What specifically to Finale gives you that degree of control over and above Sibelius with soundsets ? Which libraries were used on the piece, and do you happen to have any examples of chamber music ideally well known pieces that you have done with the same approach ?
And if as I suspect that was EW CCC, what machine configuration do you use to get that kind of result ?
Thanks again


----------



## pmcrockett (Feb 18, 2015)

If you're a scripting wizard instead of a piano wizard, it's possible to use a MIDI scripting program such as Pure Data to load a MIDI file and feed the next note in the file to a DAW whenever MIDI input is received. So you can set up a johnny-one-note controller that will respond to your performed velocity and timing but will always play the right note no matter what key you press. Then you can write the music in the notation software, export parts as MIDI files, and use the scripted input remapper to record performances that are easier to input than "real" performances but sound better than Finale/Sibelius exports.


----------



## wst3 (Feb 18, 2015)

PMCrockett - that is a very clever idea!

I vaguely remember such a script included with a distribution, I think for KeyKey, but could have been PD, I have to do some digging!

It was overly simplified, you had to strike just one key, and I think being able to strike multiple keys would be a big step forward.


----------



## Elephant (Feb 18, 2015)

@pmcrockett - cool idea. Thanks v much to all for the posts. There are a number of ideas to explore. What strikes me after listening is that the human input factor is really important to get some kind of a feel.
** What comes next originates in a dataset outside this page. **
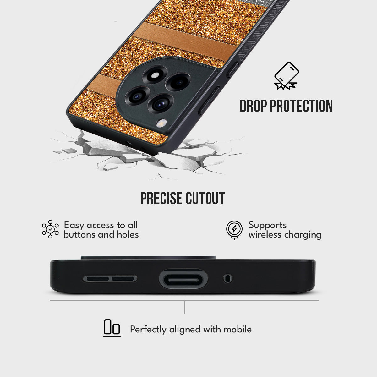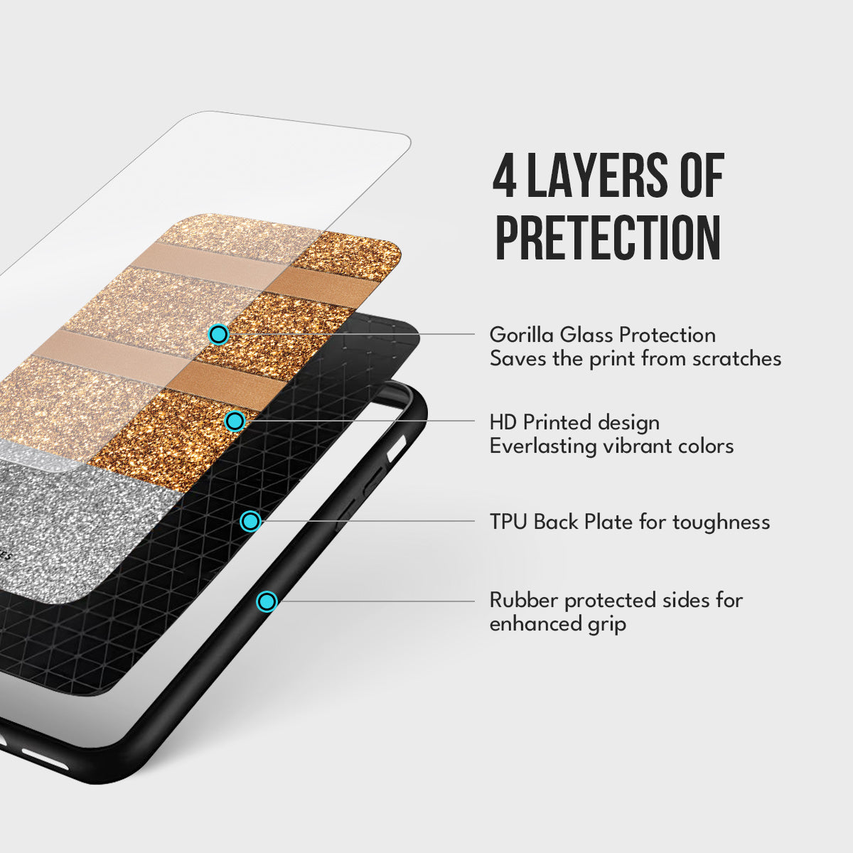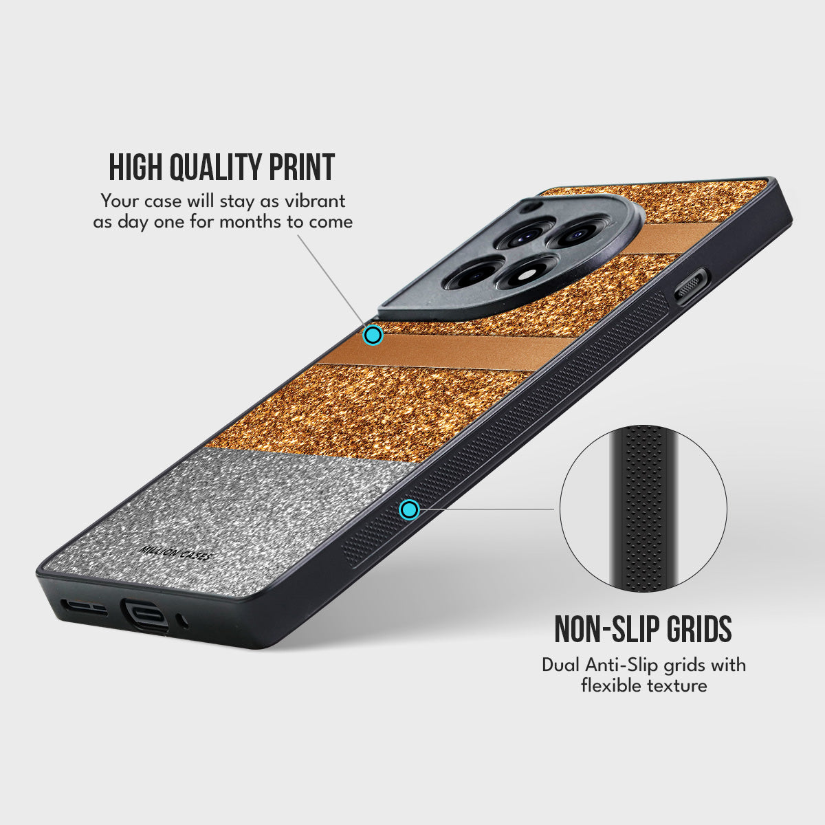 Turn every glance into admiration with the Golden Rush phone case — a dazzling blend of glitter, glamour, and protection. Designed for those who love to stand out, this case features a luxurious mix of rich gold sparkle layered with silver shimmer, wrapped in elegant satin gold bands for a touch of sophistication

I listened to the VSL demos and actually prefer the feel of GB's work to that of JB - personal preference. Human feel is definitely not equal to random. That Pd idea has possibilities. Am investigating !


----------



## SymphonicSamples (Feb 19, 2015)

Hey Elephant , I'm glad you enjoyed the example piece . The piece was entered note by note via the standard note entry methods in Finale , in this case no midi keyboard used , just notation entered with the mouse , as you would expect when using Notation software . The dynamics heard in the piece were all controlled by standard dynamic markings / hairpins in the Finale score , so Crescendo and Diminuendo , intern standard notation . The tempo was the same , standard tempo score markings with ritardando / accelerando / Fermata markings playing back off the score . It's a real-time recording of the score from Finale playing back with no alterations . Pressed play and recorded the score . The reason for this level of detail and quality in playback is due to Finale Library Extension which are addons I developed for Finale some time back now originally for my own needs , which alter the midi from Finale real-time and automate everything so the result of the score is as realistic as possible . Intern all the standard instrument notation used in the score correctly triggers the supported articulations from the sample libraries used , and dynamics are uniform throughout each instruments articulation changes and of course a lot of under the hood automation . Like yourself , I wanted to compose in Notation and get good results without spending a lot of time editing CC data . Given the standard of sample playback quality in all Notation software is traditionally very poor , that was my motivation originally . If it's pure orchestra I'll write in Finale , and if I want to use Synths and so on in a piece for example , either do it all in Cubase (which I love using for many different reasons) or write the score in Finale and export to Cubase . Like most things in music it's whatever process that works for each person or what the piece requires and gets the results you want . I just prefer seeing voicing over the sections when writing . When I use Cubase I always find myself tweaking and not composing as much  As far as libraries used in the piece .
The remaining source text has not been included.